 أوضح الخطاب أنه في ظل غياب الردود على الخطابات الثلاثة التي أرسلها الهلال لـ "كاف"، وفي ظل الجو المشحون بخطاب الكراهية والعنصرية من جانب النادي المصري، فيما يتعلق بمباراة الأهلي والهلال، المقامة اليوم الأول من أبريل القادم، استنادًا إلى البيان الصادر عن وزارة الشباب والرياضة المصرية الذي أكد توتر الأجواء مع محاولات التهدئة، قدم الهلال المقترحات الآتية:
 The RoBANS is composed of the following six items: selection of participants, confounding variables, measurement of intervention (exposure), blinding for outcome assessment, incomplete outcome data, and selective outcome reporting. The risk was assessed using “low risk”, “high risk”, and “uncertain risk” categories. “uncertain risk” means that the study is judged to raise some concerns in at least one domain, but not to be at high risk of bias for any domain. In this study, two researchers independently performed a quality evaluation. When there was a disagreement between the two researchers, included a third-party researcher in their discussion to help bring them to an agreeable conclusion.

*-*-*

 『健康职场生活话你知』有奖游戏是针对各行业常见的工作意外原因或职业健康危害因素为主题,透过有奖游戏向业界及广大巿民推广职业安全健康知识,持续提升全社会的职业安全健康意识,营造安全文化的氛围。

*-*-*

:: What you have to do ::
Could you write out, exactly as they stand, only the lines above that begin at the line with "أوضح الخطاب أنه" and stop after the line with "The RoBANS is"?

:: Task answer ::
 أوضح الخطاب أنه في ظل غياب الردود على الخطابات الثلاثة التي أرسلها الهلال لـ "كاف"، وفي ظل الجو المشحون بخطاب الكراهية والعنصرية من جانب النادي المصري، فيما يتعلق بمباراة الأهلي والهلال، المقامة اليوم الأول من أبريل القادم، استنادًا إلى البيان الصادر عن وزارة الشباب والرياضة المصرية الذي أكد توتر الأجواء مع محاولات التهدئة، قدم الهلال المقترحات الآتية:
 The RoBANS is composed of the following six items: selection of participants, confounding variables, measurement of intervention (exposure), blinding for outcome assessment, incomplete outcome data, and selective outcome reporting. The risk was assessed using “low risk”, “high risk”, and “uncertain risk” categories. “uncertain risk” means that the study is judged to raise some concerns in at least one domain, but not to be at high risk of bias for any domain. In this study, two researchers independently performed a quality evaluation. When there was a disagreement between the two researchers, included a third-party researcher in their discussion to help bring them to an agreeable conclusion.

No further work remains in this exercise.